═════ Given data ═════

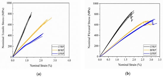 The impacts of the type of fiber reinforcement on the quasi-static tensile, flexural and interlaminar mechanical properties were determined by measuring the fiber-dominated and fiber-matrix-interface-dominated properties. Figure 2 depicts the nominal stress-strain curves of the quasi-static tensile (a) and flexural (b) testing.
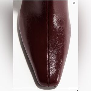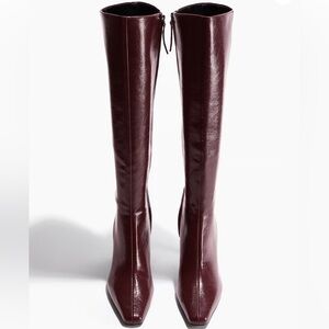 H&M knee-high heeled boots in a deep burgundy tone with a sleek pointed toe silhouette. Designed with a slim mid heel and inner side zip closure for a clean, streamlined look. A sharp, polished boot that elevates dresses, tailoring, or minimal winter layers.
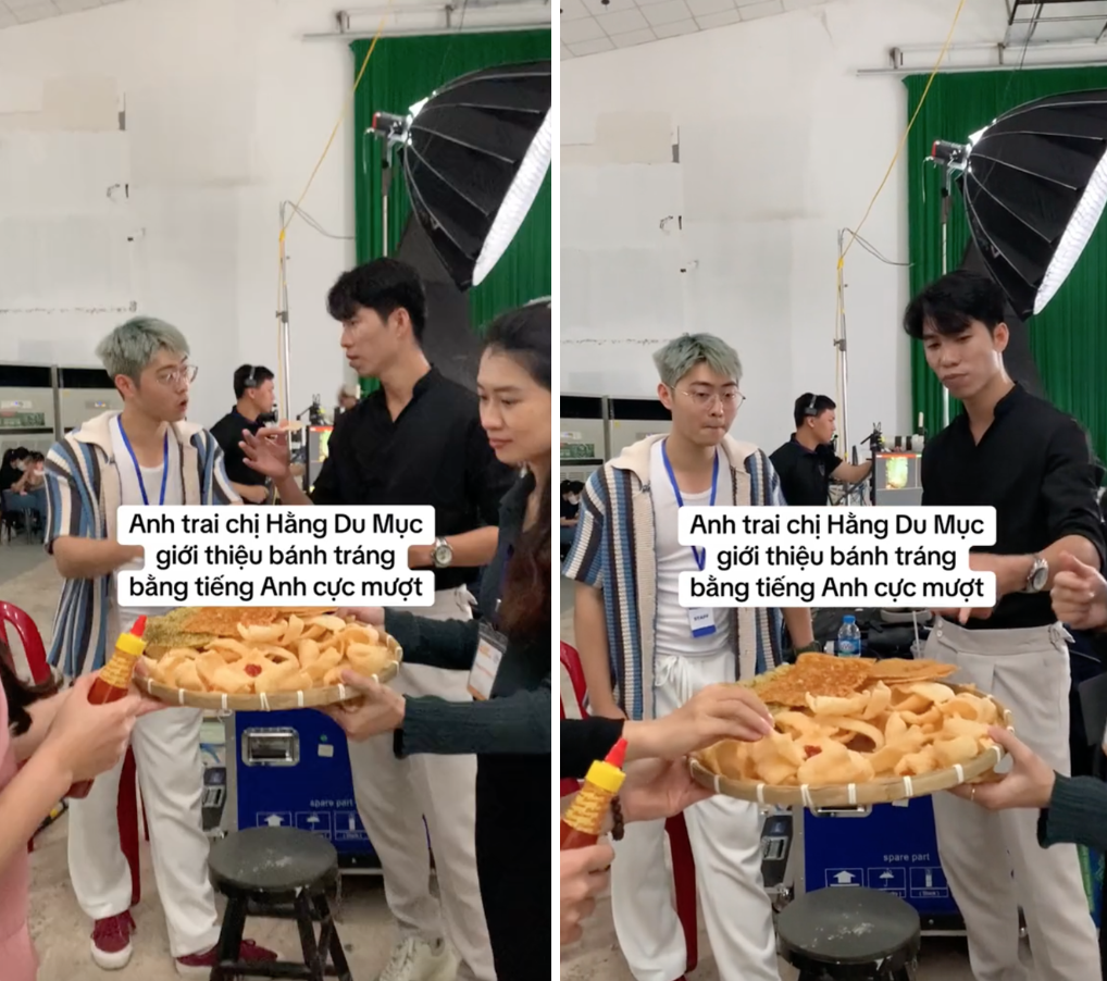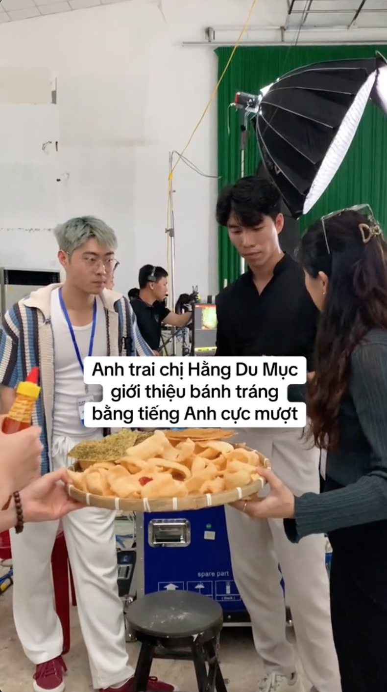 Đặc biệt, mới đây, một đoạn video hậu trường đã ghi lại cảnh anh trai của Hằng Du Mục nói tiếng Anh vô cùng "mượt" để giới thiệu về bánh tráng Việt Nam ngay lập tức nhận về "cơn mưa" lời khen.
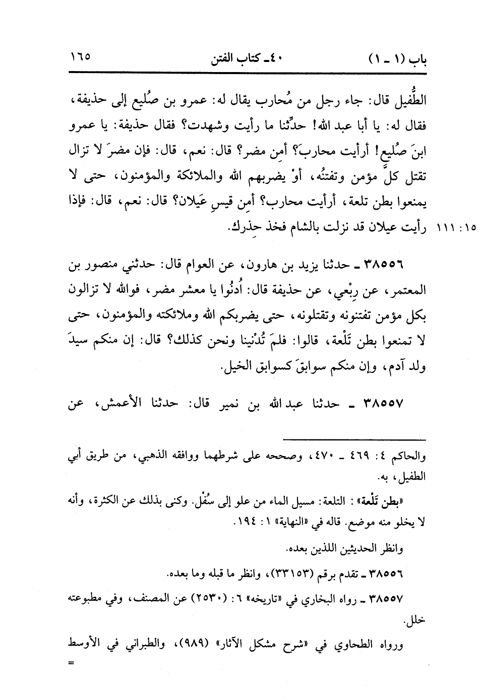 38555- حَدَّثَنَا عَلِيُّ بْنُ مُسْهِرٍ ، عَنِ الْوَلِيدِ بْنِ جُمَيْعٍ ، عَنْ أَبِي الطُّفَيْلِ ، قَالَ : جَاءَ رَجُلٌ مِنْ مُحَارِبٍ يُقَالُ لَهُ عَمْرُو بْنُ صُلَيعٍ إِلَى حُذَيْفَةَ ، فَقَالَ لَهُ : يَا أَبَا عَبْدِ اللهِ ، حَدِّثْنَا مَا رَأَيْت وَشَهِدْت ؟ فَقَالَ حُذَيْفَةُ : يَا عَمْرُو بْنَ صُلَيعٍ ، أَرَأَيْت مُحَارِبَ ؟ أَمِنْ مُضَرَ ، قَالَ : نَعَمْ ، قَالَ : فَإِنَّ مُضَرَ لاَ تَزَالُ تَقْتُلُ كُلَّ مُؤْمِنٍ وَتَفْتِنُهُ ، أَوْ يَضْرِبُهُمَ اللَّهُ وَالْمَلاَئِكَةُ وَالْمُؤْمِنُونَ حَتَّى لاَ يَمْنَعُوا بَطْنَ تَلْعَةٍ ، أَرَأَيْت مُحَارِبَ ؟ أَمِنْ قَيْسَ عَيْلاَنَ ، قَالَ : نَعَمْ ، فَإِذَا رَأَيْت عَيْلاَنَ قَدْ نَزَلَتْ بِالشَّامِ فَخُذْ حِذْرَك. (15/110)
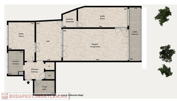 Az előszobából közelíthetjük meg az ablakos konyhát, a káddal szerelt fürdőszobát, a külön wc-t és a kamrát is Az lakás igény szerint könnyen nappali és három hálószobássá alakítható!
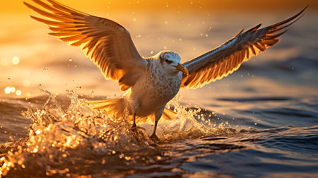 Numerous birds are depicted in flight over the ocean during sunset, bathed in warm hues. The composition features a textured water surface reflecting the sunlight. This image could be suitable for various commercial uses, including advertisements, websites, or editorial content.
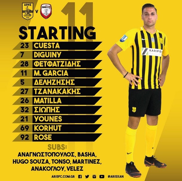 Η 11αδα του Άρη όπως ενημέρωσε η ΠΑΕ στον λογαριασμό της στο Facebook
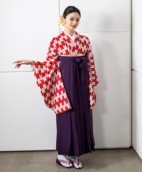 赤と白の矢絣柄(やがすりがら)の着物に紫の袴を合わせてみました。
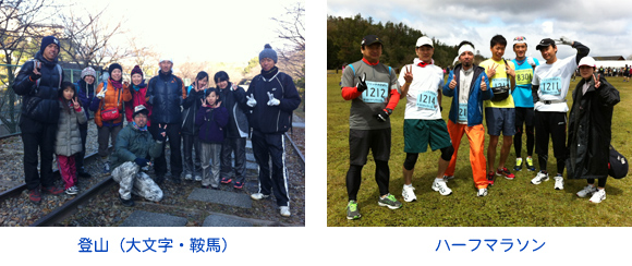 ハーフマラソン(丹波・宇治川・大阪高槻他)・フルマラソン(京都・大阪)・登山(京都・滋賀周辺)・ボーリング・海釣り・ゴルフ・春秋にBBQ・たまに飲み会・グルメ会・銭湯めぐり・約2、3名ウルトラマラソン…など)
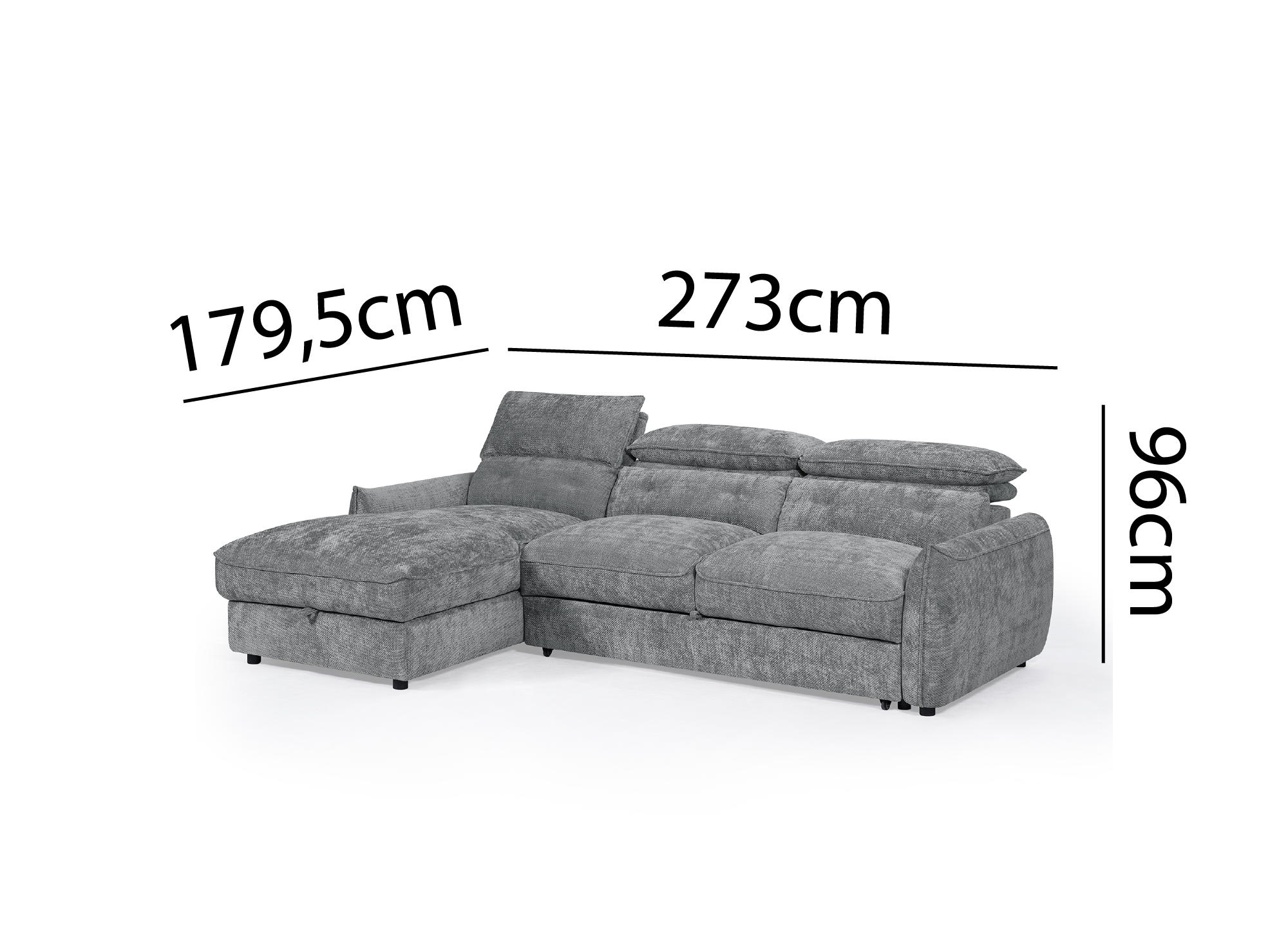 Dieses praktische und funktionale Sofa lässt sich dank seines einfach zu bedienenden Mechanismus im Handumdrehen in ein Bett verwandeln. Die Chaiselongue mit integriertem Staufach eignet sich ideal zum Verstauen von Bettdecken, Kissen, Überwürfen oder Bettwäsche.
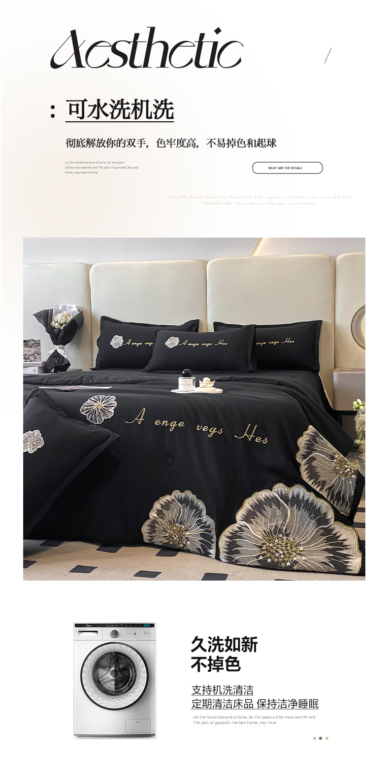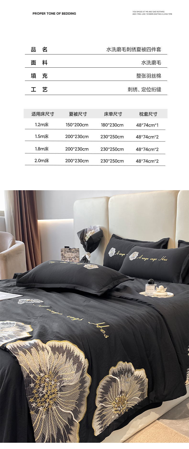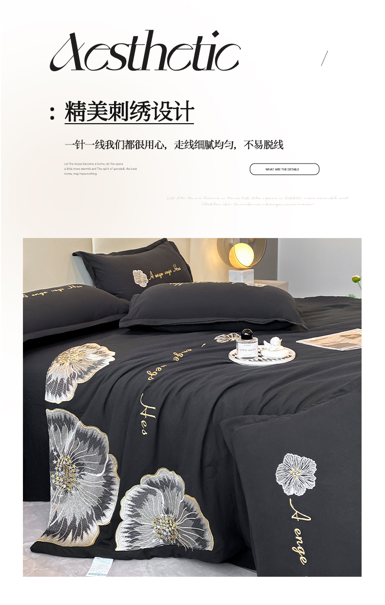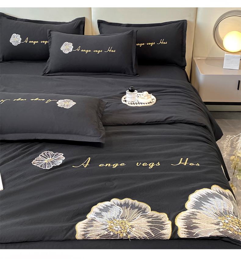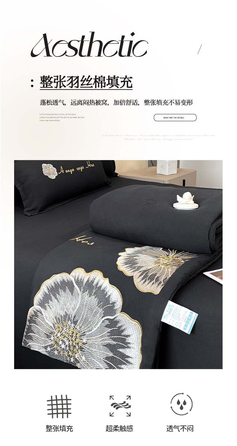 商品名称:你好美丽 2025新款水洗磨毛刺绣夏被四件套-花开盛夏 花开盛夏-黑

═════

- The problem
Nothing but the pictures should be left out when the records are retyped exactly.

- Completed task
 The impacts of the type of fiber reinforcement on the quasi-static tensile, flexural and interlaminar mechanical properties were determined by measuring the fiber-dominated and fiber-matrix-interface-dominated properties. Figure 2 depicts the nominal stress-strain curves of the quasi-static tensile (a) and flexural (b) testing.
 H&M knee-high heeled boots in a deep burgundy tone with a sleek pointed toe silhouette. Designed with a slim mid heel and inner side zip closure for a clean, streamlined look. A sharp, polished boot that elevates dresses, tailoring, or minimal winter layers.
 Đặc biệt, mới đây, một đoạn video hậu trường đã ghi lại cảnh anh trai của Hằng Du Mục nói tiếng Anh vô cùng "mượt" để giới thiệu về bánh tráng Việt Nam ngay lập tức nhận về "cơn mưa" lời khen.
 38555- حَدَّثَنَا عَلِيُّ بْنُ مُسْهِرٍ ، عَنِ الْوَلِيدِ بْنِ جُمَيْعٍ ، عَنْ أَبِي الطُّفَيْلِ ، قَالَ : جَاءَ رَجُلٌ مِنْ مُحَارِبٍ يُقَالُ لَهُ عَمْرُو بْنُ صُلَيعٍ إِلَى حُذَيْفَةَ ، فَقَالَ لَهُ : يَا أَبَا عَبْدِ اللهِ ، حَدِّثْنَا مَا رَأَيْت وَشَهِدْت ؟ فَقَالَ حُذَيْفَةُ : يَا عَمْرُو بْنَ صُلَيعٍ ، أَرَأَيْت مُحَارِبَ ؟ أَمِنْ مُضَرَ ، قَالَ : نَعَمْ ، قَالَ : فَإِنَّ مُضَرَ لاَ تَزَالُ تَقْتُلُ كُلَّ مُؤْمِنٍ وَتَفْتِنُهُ ، أَوْ يَضْرِبُهُمَ اللَّهُ وَالْمَلاَئِكَةُ وَالْمُؤْمِنُونَ حَتَّى لاَ يَمْنَعُوا بَطْنَ تَلْعَةٍ ، أَرَأَيْت مُحَارِبَ ؟ أَمِنْ قَيْسَ عَيْلاَنَ ، قَالَ : نَعَمْ ، فَإِذَا رَأَيْت عَيْلاَنَ قَدْ نَزَلَتْ بِالشَّامِ فَخُذْ حِذْرَك. (15/110)
 Az előszobából közelíthetjük meg az ablakos konyhát, a káddal szerelt fürdőszobát, a külön wc-t és a kamrát is Az lakás igény szerint könnyen nappali és három hálószobássá alakítható!
 Numerous birds are depicted in flight over the ocean during sunset, bathed in warm hues. The composition features a textured water surface reflecting the sunlight. This image could be suitable for various commercial uses, including advertisements, websites, or editorial content.
 Η 11αδα του Άρη όπως ενημέρωσε η ΠΑΕ στον λογαριασμό της στο Facebook
 赤と白の矢絣柄(やがすりがら)の着物に紫の袴を合わせてみました。
 ハーフマラソン(丹波・宇治川・大阪高槻他)・フルマラソン(京都・大阪)・登山(京都・滋賀周辺)・ボーリング・海釣り・ゴルフ・春秋にBBQ・たまに飲み会・グルメ会・銭湯めぐり・約2、3名ウルトラマラソン…など)
 Dieses praktische und funktionale Sofa lässt sich dank seines einfach zu bedienenden Mechanismus im Handumdrehen in ein Bett verwandeln. Die Chaiselongue mit integriertem Staufach eignet sich ideal zum Verstauen von Bettdecken, Kissen, Überwürfen oder Bettwäsche.
 商品名称:你好美丽 2025新款水洗磨毛刺绣夏被四件套-花开盛夏 花开盛夏-黑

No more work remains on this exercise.